Research indicates that reciprocal teaching promotes students' reading comprehension by encouraging active engagement and critical thinking during the reading process.
By engaging in dialogue with teachers and peers, students deepen their understanding of text and develop essential literacy skills.

Reciprocal teaching unfolds as a collaborative dialogue where teachers and students take turns assuming the role of teacher (Palincsar, 1986). This interactive approach is most effective in small-group settings, facilitated by educators or reading tutors who guide students through the comprehension process.

In practice, reciprocal teaching empowers students to become active participants in their own learning, fostering a sense of ownership and responsibility for their academic success. By engaging in meaningful dialogue and employing specific reading strategies, students develop the skills necessary to comprehend and analyze complex texts effectively.

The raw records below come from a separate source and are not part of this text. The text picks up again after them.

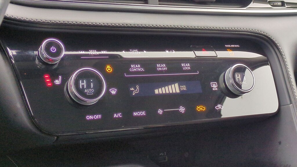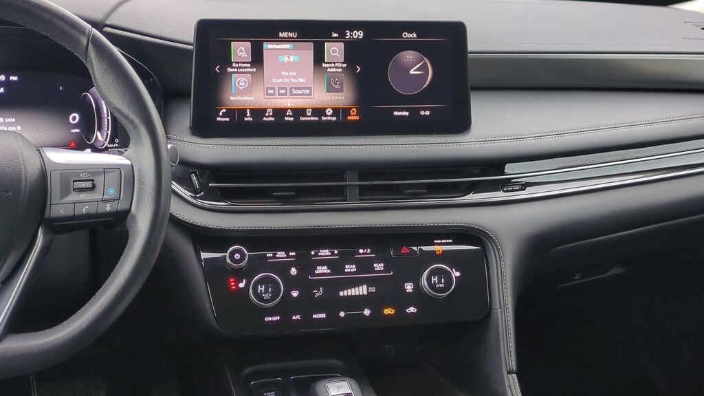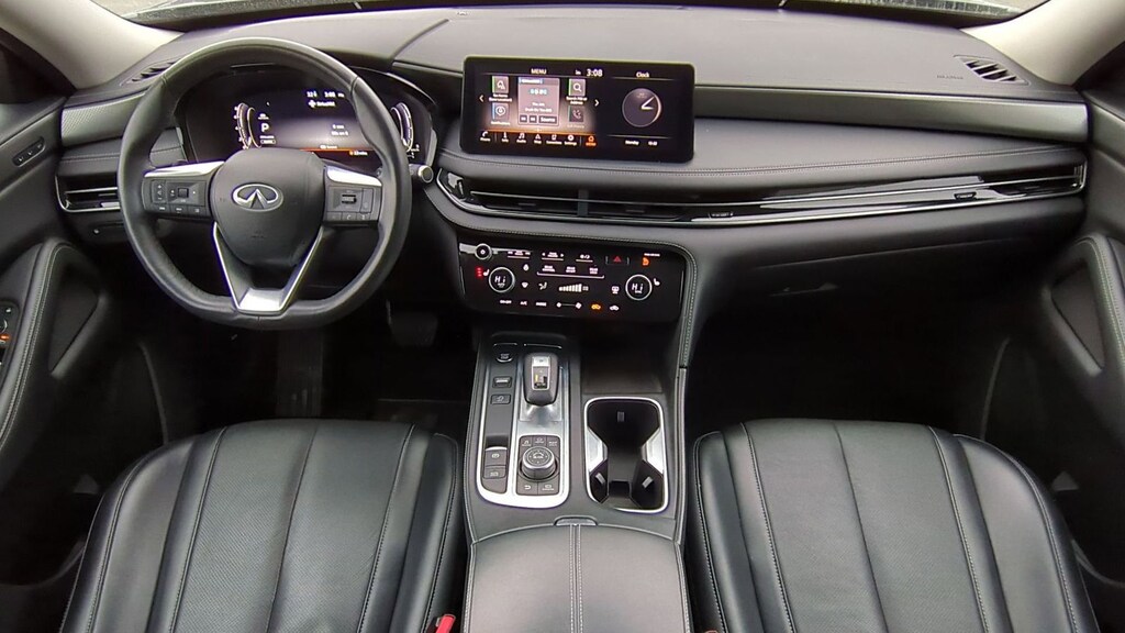 Clean CARFAX. 2023 INFINITI QX60 LUXE Is nicely equipped with 3rd row seats: bench, 4-Wheel Disc Brakes, 4.334 Axle Ratio, 9 Speakers, ABS brakes, Air Conditioning, Alloy wheels, AM/FM radio: SiriusXM, Anti-whiplash front head restraints, Auto High-beam Headlights, Auto-dimming door mirrors, Auto-dimming Rear-View mirror, Automatic temperature control, Brake assist, Bumpers: body-color, Climate-Controlled Front Bucket Seats, Delay-off headlights, Driver door bin, Driver vanity mirror, Dual front impact airbags, Dual front side impact airbags, Electronic Stability Control, Emergency communication system, Four wheel independent suspension, Front anti-roll bar, Front Bucket Seats, Front Center Armrest, Front dual zone A/C, Front reading lights, Fully automatic headlights, Garage door transmitter: HomeLink, Heated door mirrors, Heated front seats, Heated steering wheel, Illuminated entry, Knee airbag, Leather Shift Knob, Leather steering wheel, Leather-Appointed Seating Surfaces, Low tire pressure warning, Memory seat, Navigation system: INFINITI InTouch Navigation, Occupant sensing airbag, Outside temperature display, Overhead airbag, Overhead console, Panic alarm, Passenger door bin, Passenger vanity mirror, Power door mirrors, Power driver seat, Power Liftgate, Power moonroof, Power passenger seat, Power steering, Power windows, Radio data system, Radio: AM/FM Audio System, Rain sensing wipers, Rear air conditioning, Rear anti-roll bar, Rear reading lights, Rear seat center armrest, Rear side impact airbag, Rear window defroster, Rear window wiper, Reclining 3rd row seat, Remote keyless entry, Security system, Speed control, Speed-sensing steering, Speed-Sensitive Wipers, Split folding rear seat, Spoiler, Steering wheel memory, Steering wheel mounted audio controls, Tachometer, Telescoping steering wheel, Tilt steering wheel, Traction control, Trip computer, Turn signal indicator mirrors, Variably intermittent wipers, Ventilated front seats, and Wheels: 20" x 8J Sporty Machined Aluminum Alloy.
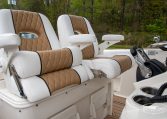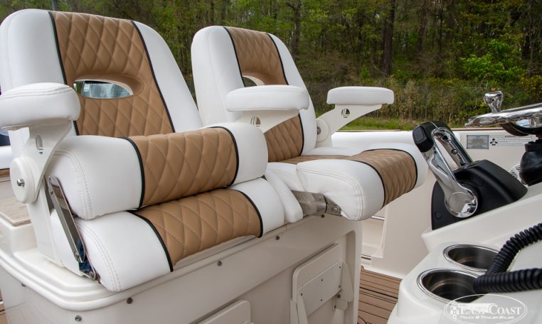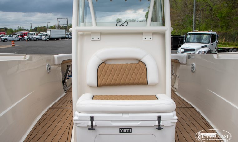 Yeti cooler seat w/ cushion & back rest in front of helm
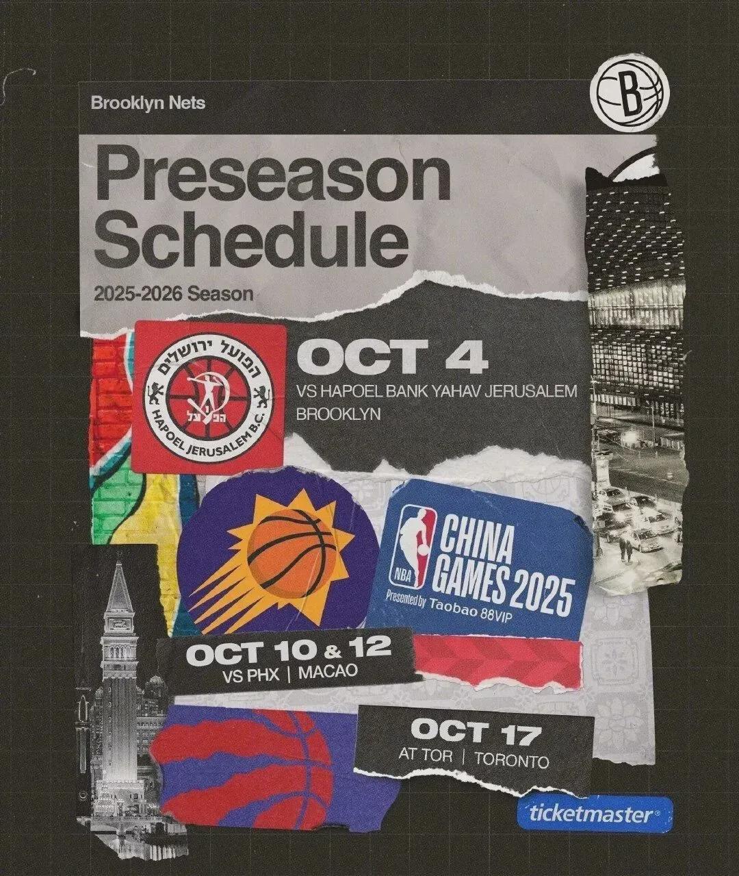 篮网队今年的季前赛安排也已出炉,具体如下:
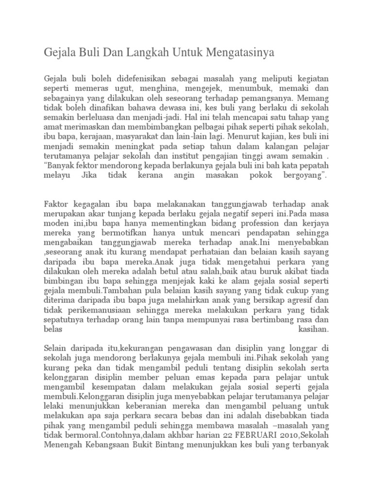 Karangan Langkah Mengatasi Gejala Buli Di Sekolah : Ipendidikan » karangan » punca dan cara mengatasi gejala buli dalam kalangan pelajar sekolah.
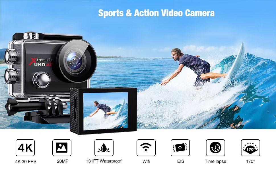 - ❃【4K 20MP Resolution & Waterproof】This action camera supports 4K video resolution, 20MP photo resolution. The video & photos are more clear and vivid. Equipped with a waterproof case, can used as an underwater camera for swimming, diving and other underwater sports.
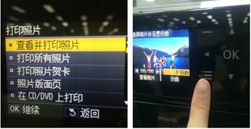 第二步:选择‘查看并打印照片’后点击‘ok’实体键,此时打印机会读取存储卡内的照片数据,按动左右按钮就可以选择要打印的照片,操作十分简单。
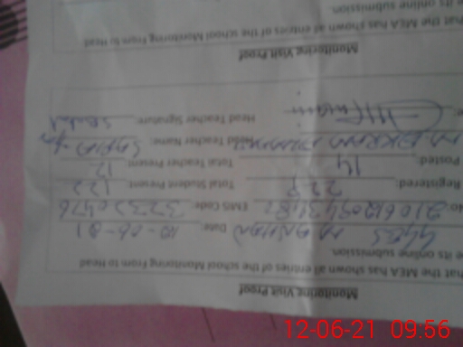 | Name: SA**** SH**** Designation: (School Headmaster's/Headmistress's) SSE(S) Phone/Cell Number: 03**** |
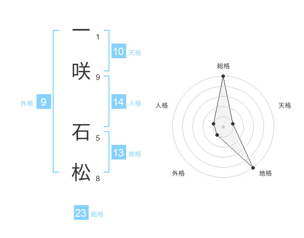 一咲 石松さんの総格は23画の5点!
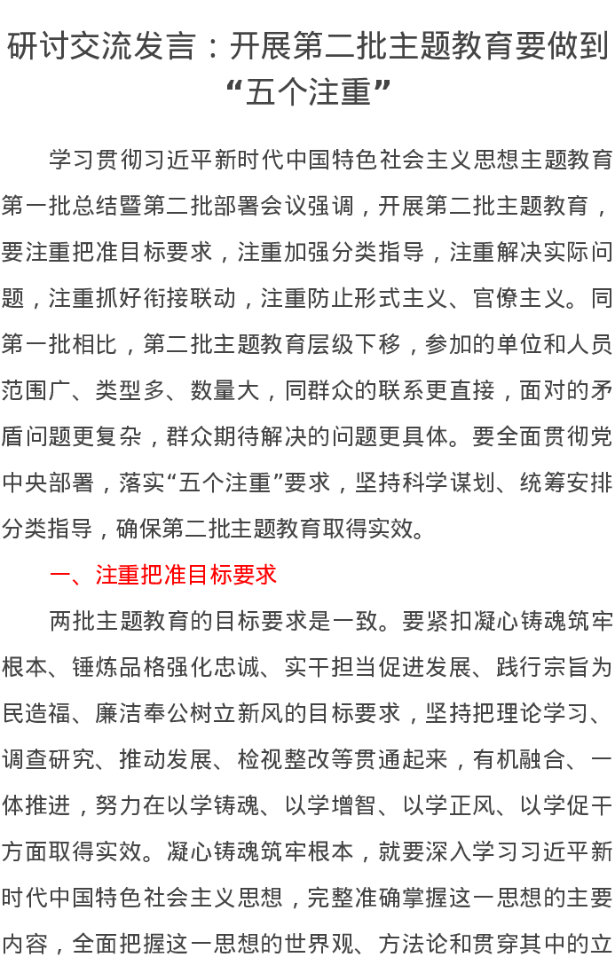 研讨交流发言:开展第二批主题教育要做到“五个注重”(特色社会主义思想)
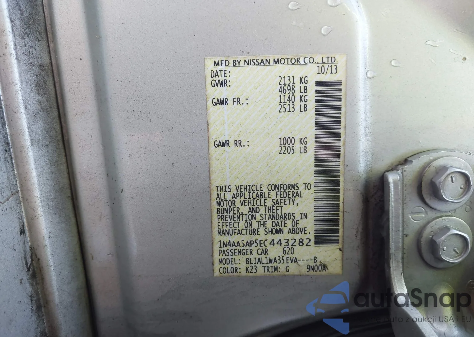 LOT: 94002735 VIN: 1N4AA5AP6EC915683

Reciprocal teaching is best represented as a dialogue between teachers and students in which participants take turns assuming the role of teacher.

Reciprocal teaching stands as a valuable tool for educators seeking to enhance students' reading comprehension skills. By fostering collaboration, critical thinking, and active engagement, this approach equips students with the tools they need to succeed academically and beyond.

Enhancing Reading Comprehension through Reciprocal Teaching

Reciprocal teaching is an evidence-based instructional approach designed to enhance reading comprehension by actively engaging students in four key strategies: predicting, clarifying, questioning, and summarizing. Coined as the "fab four" by Oczkus, these strategies empower students to take an active role in constructing meaning from text.

Predicting involves students making educated guesses about the content of the text before reading, activating prior knowledge and setting the stage for comprehension. Clarifying entails addressing areas of confusion or uncertainty by asking questions and seeking clarification from the teacher or peers. Questioning involves students generating questions about the text to deepen understanding and promote critical thinking. Summarizing requires students to synthesize key information from the text and articulate it in their own words, reinforcing comprehension and retention.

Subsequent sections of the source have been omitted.